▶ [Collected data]
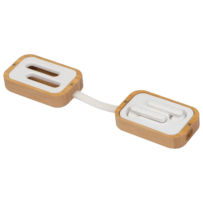 ergonomske bluetooth 5.0 slušalice s indikatorom punjenja s USB postoljem za punjenje koja služi i kao ambalaža; domet do 10 metara; vrijeme punjenja cca 1 sat, vrijeme rada 2-3 sata i baterija od 300 mAh; dimenzija: 7,5 × 4,7 × 3,2 cm
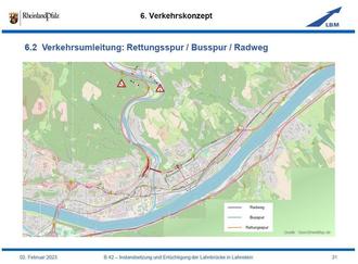 • Baubeginn mit vorlaufenden baulichen Maßnahmen in Lahnstein ab September 2023, • Einrichtung der Verkehrsführung in Lahnstein in den Herbstferien 2023, • Aktivierung der Verkehrsführung in Lahnstein nach den Herbstferien 2023, • Sanierung Anschlussast von der B 260 auf die B 42 ab Oktober 2023 bis Dezember 2023, • Vollsperrung der B 42 aktiv ab Januar 2024 für 12 Monate
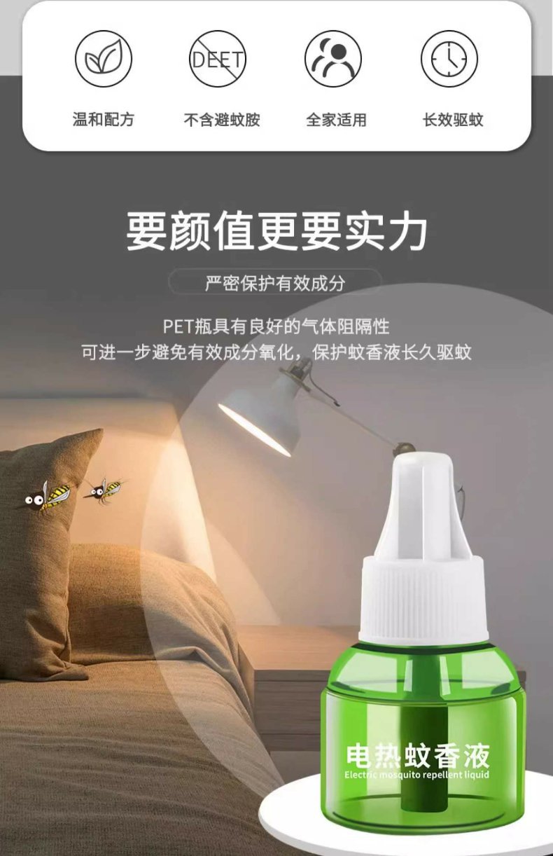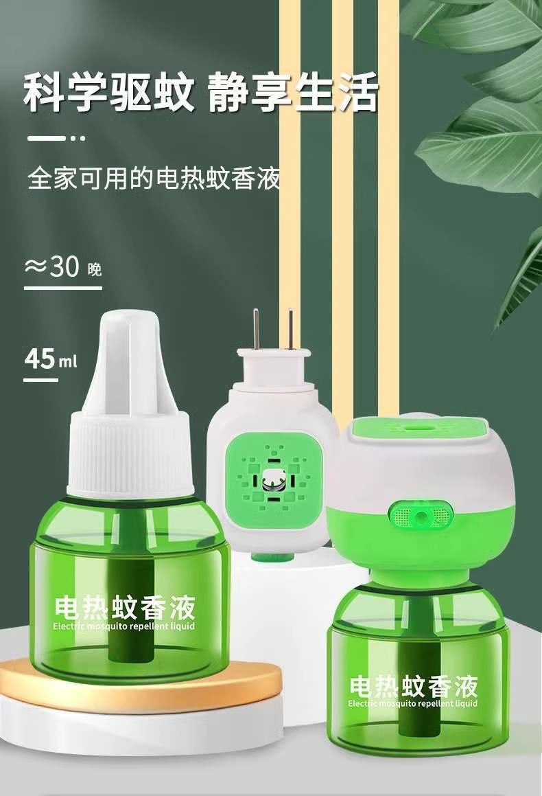 전기 모기향 액체는 무취이며, 아기와 임산부도 사용할 수 있습니다. 전기 모기향 기계는 가정용 모기 퇴치제로, 플러그인 방식으로 작동합니다.
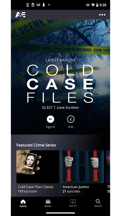 The A&E app is free to use. If your TV Provider is supported, you can sign in and get access to even more content.
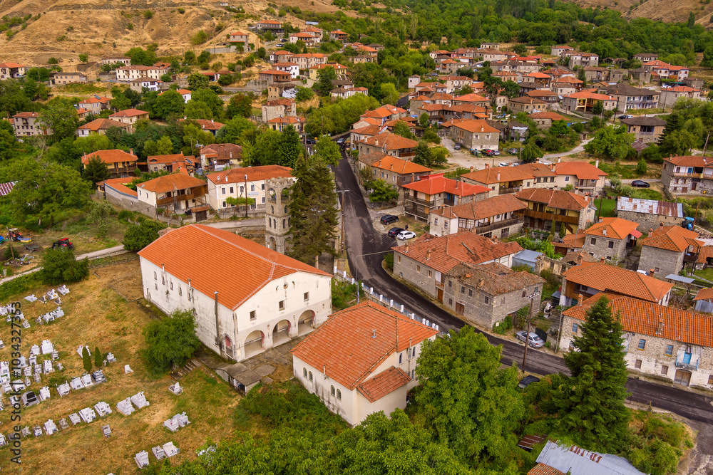 Aerial view of Agios Germanos is a village in the Prespes , Greece

▶ [Work task]
Output, exactly and without pictures, the span of lines that starts at the line containing "für 12 Monate" and ends at the last line above.

▶ [Response to this task]
 • Baubeginn mit vorlaufenden baulichen Maßnahmen in Lahnstein ab September 2023, • Einrichtung der Verkehrsführung in Lahnstein in den Herbstferien 2023, • Aktivierung der Verkehrsführung in Lahnstein nach den Herbstferien 2023, • Sanierung Anschlussast von der B 260 auf die B 42 ab Oktober 2023 bis Dezember 2023, • Vollsperrung der B 42 aktiv ab Januar 2024 für 12 Monate
 전기 모기향 액체는 무취이며, 아기와 임산부도 사용할 수 있습니다. 전기 모기향 기계는 가정용 모기 퇴치제로, 플러그인 방식으로 작동합니다.
 The A&E app is free to use. If your TV Provider is supported, you can sign in and get access to even more content.
 Aerial view of Agios Germanos is a village in the Prespes , Greece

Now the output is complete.